Device orientation in communication vector between S‑ICD and LCP. This fluoroscopy image shows the measurements of the orientation vector between S‑ICD lead and can, with the orientation of the LCP within this vector (angle α). S-ICD subcutaneous implantable cardioverter–defibrillator, LP leadless pacemaker. Reprinted from Tjong et al. [23] with permission from the publisher

Discussion

Modular therapy is the idea that one can tailor implantable medical device therapy to the specific needs of the patient throughout their lifetime so that the patient receives only the device(s) they need, only when needed. Medical devices inherently involve risks to the patient related to implantation and to continuing operation in the body. Ideally for the patient the benefits of the implanted devices far outweigh the risks. However, some patients who would be eligible to receive an implanted S‑ICD system instead receive a transvenous ICD system despite having no immediate need for pacing therapy or ATP. This may be a decision made by the physician with a view to the possibility the patient would need these therapies in the future. The downside of this decision is the patient receives a system that has disadvantages compared to S‑ICD: Intracardiac leads which may fail, infection pathways to the heart, and complications that occur acutely or chronically due to implantation within the heart.

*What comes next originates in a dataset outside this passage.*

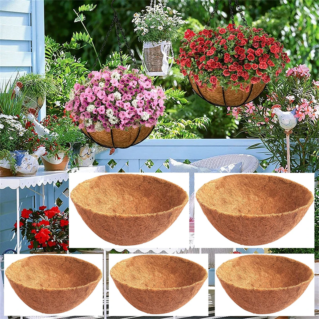 1Pc Breathable Round Coconut Palm Mat for Hanging Basket Natural Coconut Fiber Flower Planter Garden Balcony Decoration 8~16Inch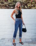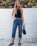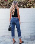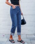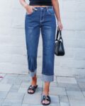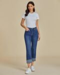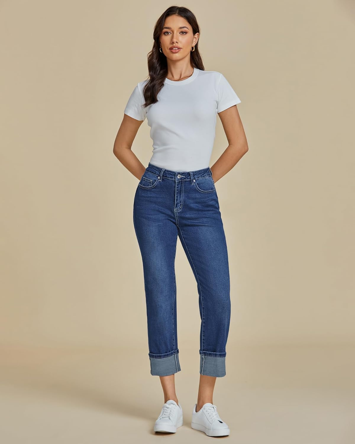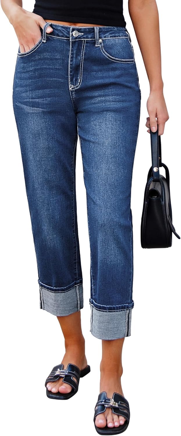 luvamia Straight Leg Jeans for Women Trendy Cropped High Waisted Cuffed Hem Stretchy Boyfriend Capri Jeans with Pockets

With the advent of the mCRM system and wireless communication capabilities of implants, there will be an alternative approach: Implant the S‑ICD system in eligible patients now and implant the EMPOWER LCP later only if the patient develops a therapeutic need for the device. The number of patients who develop such a need are expected to be low [25], meaning more patients can benefit from a less invasive device therapy strategy. As further components of this modular system are developed in the future, further therapies will be available for application in a modular fashion as the patient’s disease state progresses, heralding an era of truly personalized device medicine.

Limitations and next steps

The main limitations in understanding the safety and effectiveness of the mCRM system is that only animal data exist currently. Though animal evaluations in multiple models can serve as a useful surrogate when human evaluation is not available, there remain aspects of any animal model which cannot fully replicate human anatomy and environment. Human clinical studies of the EMPOWER LCP as a standalone device and the mCRM system in humans are expected to commence in 2019. Future iterations of the mCRM system are expected to include leadless devices for pacing other chambers of the heart to provide dual chamber pacing therapy or cardiac resynchronization therapy, as standalone devices and in coordination with a co-implanted S‑ICD. Future iterations of S‑ICD system are also expected to allow bidirectional communication with other leadless devices in the mCRM system, as well as new algorithms to allow sensing verification, new discrimination capabilities and new features via device–device communication.

Practical conclusion

  • Complications with the transvenous lead have been overcome using S‑ICD and LCP.

  • A modular cardiac rhythm management (mCRM) system, consisting of a communicating antitachycardia pacing-enabled EMPOWER™ LCP and EMBLEM™ platform S‑ICD system, allows for coordination of leadless pacing and defibrillator therapy delivery.

  • Firmware can be upgraded in implanted S‑ICDs without explantation or replacement of the pulse generator.

  • Acute and 3‑month data regarding device–device communication and coordination of ATP during simulated ventricular tachycardia in animal studies are promising.

  • Advances include the possibility to implant the S‑ICD system in eligible patients now and implant the EMPOWER LCP later only if the patient develops a therapeutic need for the device.

  • Human clinical studies with the EMPOWER LCP and the mCRM system are expected in 2019.